### ASSIGNED TASK
Every line below that holds "with" must be copied.

Excerpts from a dataset
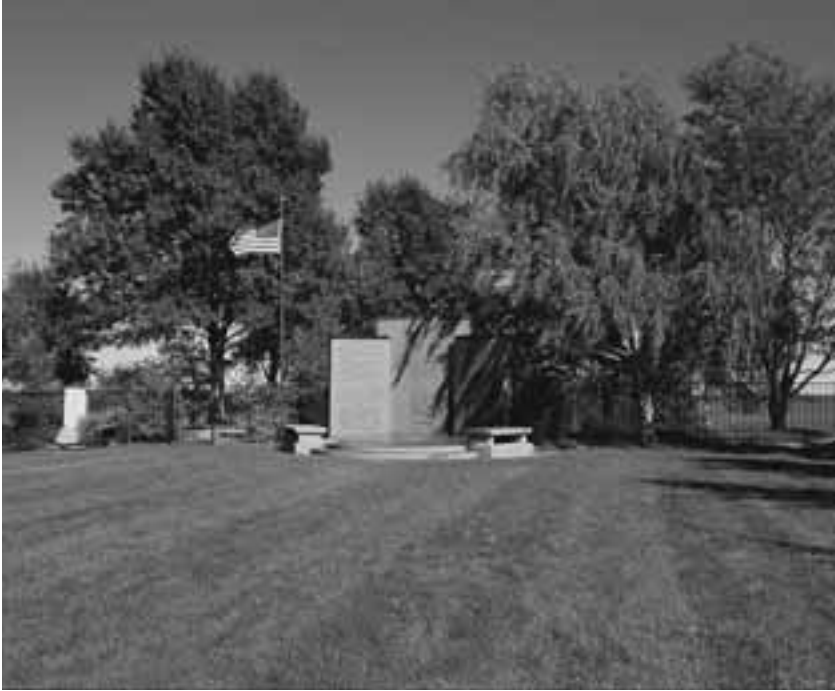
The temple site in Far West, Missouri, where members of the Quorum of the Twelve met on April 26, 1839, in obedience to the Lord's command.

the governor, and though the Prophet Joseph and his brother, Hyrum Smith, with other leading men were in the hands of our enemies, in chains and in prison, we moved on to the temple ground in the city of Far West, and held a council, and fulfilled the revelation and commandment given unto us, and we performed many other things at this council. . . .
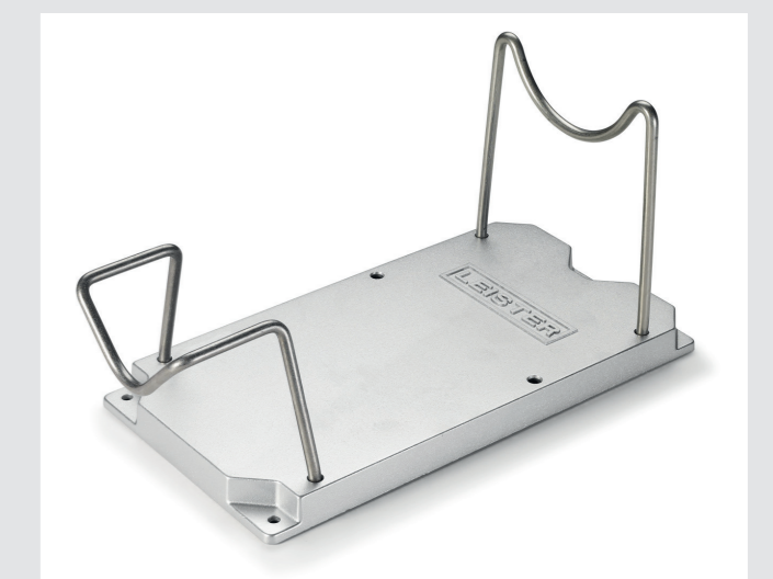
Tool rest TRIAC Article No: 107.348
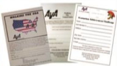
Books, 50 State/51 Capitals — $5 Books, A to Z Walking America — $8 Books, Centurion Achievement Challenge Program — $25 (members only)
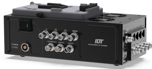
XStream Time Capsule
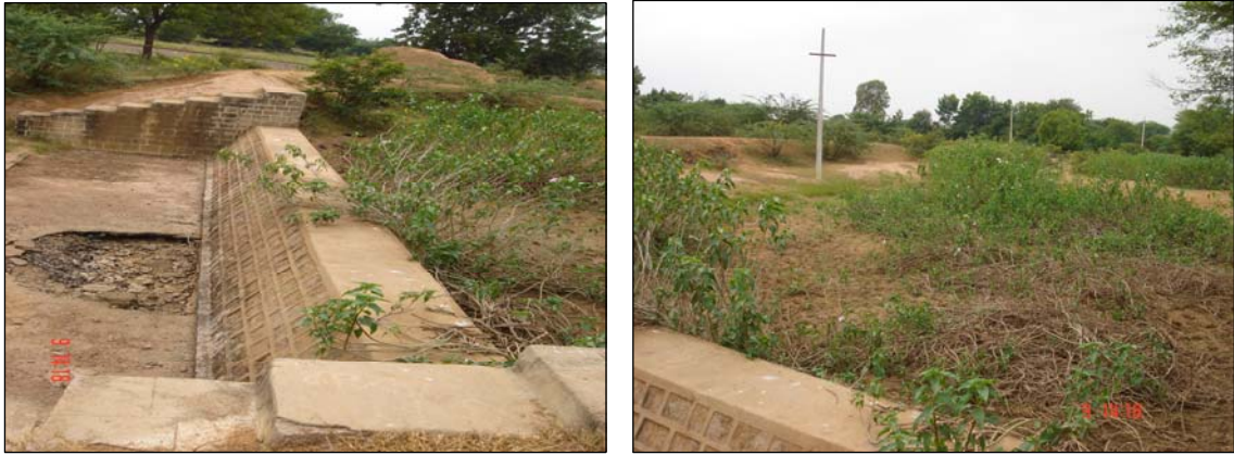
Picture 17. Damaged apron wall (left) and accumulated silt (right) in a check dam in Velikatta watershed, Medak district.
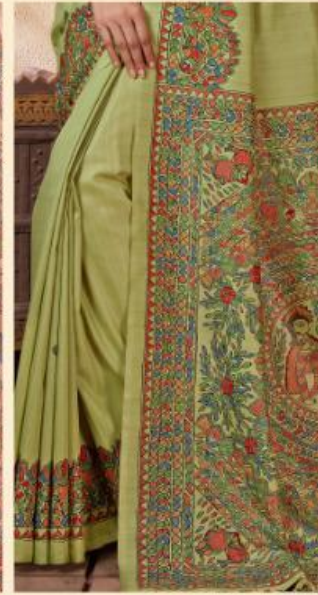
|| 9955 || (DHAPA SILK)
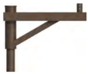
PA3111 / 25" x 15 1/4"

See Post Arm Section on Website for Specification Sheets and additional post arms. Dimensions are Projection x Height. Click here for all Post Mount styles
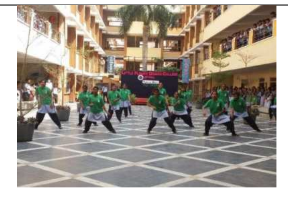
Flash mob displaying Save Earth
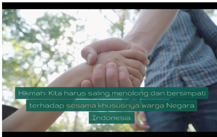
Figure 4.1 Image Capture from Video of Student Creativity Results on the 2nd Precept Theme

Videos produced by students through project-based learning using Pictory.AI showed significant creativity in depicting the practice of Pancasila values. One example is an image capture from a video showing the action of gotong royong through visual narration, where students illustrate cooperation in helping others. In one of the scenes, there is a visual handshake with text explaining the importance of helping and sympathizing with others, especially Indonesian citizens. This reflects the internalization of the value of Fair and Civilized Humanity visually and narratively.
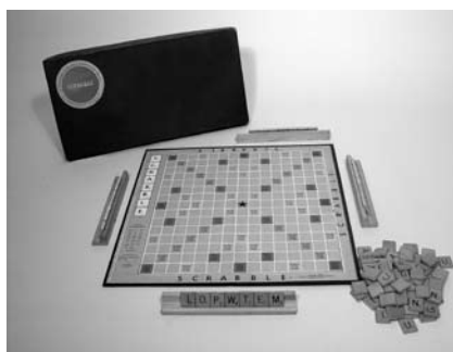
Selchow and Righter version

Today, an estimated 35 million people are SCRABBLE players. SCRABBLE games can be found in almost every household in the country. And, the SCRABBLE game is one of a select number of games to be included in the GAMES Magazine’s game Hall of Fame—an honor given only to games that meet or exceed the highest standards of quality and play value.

### ANSWER TO THE EXERCISE
the governor, and though the Prophet Joseph and his brother, Hyrum Smith, with other leading men were in the hands of our enemies, in chains and in prison, we moved on to the temple ground in the city of Far West, and held a council, and fulfilled the revelation and commandment given unto us, and we performed many other things at this council. . . .
Videos produced by students through project-based learning using Pictory.AI showed significant creativity in depicting the practice of Pancasila values. One example is an image capture from a video showing the action of gotong royong through visual narration, where students illustrate cooperation in helping others. In one of the scenes, there is a visual handshake with text explaining the importance of helping and sympathizing with others, especially Indonesian citizens. This reflects the internalization of the value of Fair and Civilized Humanity visually and narratively.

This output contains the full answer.